Waste Policy

Position Paper: The Circular Economy Package and European food waste policy


24 Feb 2016

Written by

Joan Marc Simon


We propose the following recommendations for implementation of robust action on food waste within the Circular Economy Package

Click here to see the full policy position in PDF

We, the undersigned, support the aspirations of the European Commission’s Circular Economy Package to create a Europe that can dramatically cut its food waste. There are positive elements within the legislative proposal on waste and the Action Plan which we would like to commend, such as commitments to improve date marking and to develop a common food waste measurement methodology.
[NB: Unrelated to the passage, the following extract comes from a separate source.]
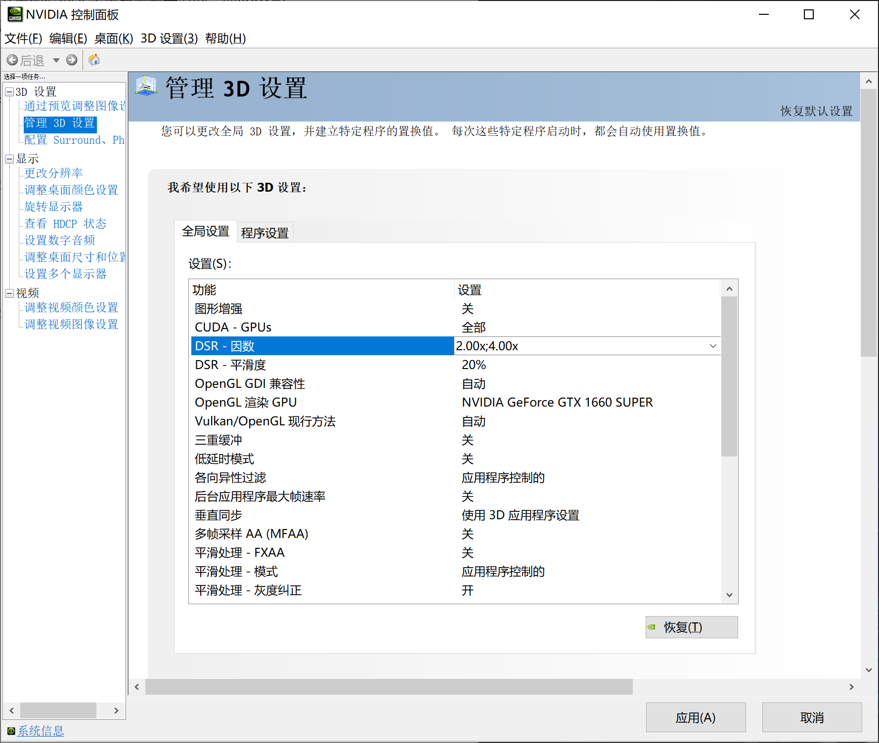 在左侧选择“管理3D设置”,在右侧DSR-因数选择合适的档位,我推荐选择整数倍数的分辨率,比如1080P的两倍是4K。DSR-平滑因数,我推荐20%,更高文字会更模糊,更低会支离破碎。最后应用即可。

However, we wish to express our concern over the removal of a European Union-specific reduction target for food waste, coming in spite of the European Commission’s promise of a more ambitious package than the previous, withdrawn in December 2014. We acknowledge that this target has been replaced by compulsory actions for Member States to measure and report on their country’s national food waste statistics, and to work towards the United Nations Sustainable Development Goal (SDG) 12.3 of halving food waste by 2030, but believe these actions in their current form will not result in concrete change and a significant reduction in waste at all levels.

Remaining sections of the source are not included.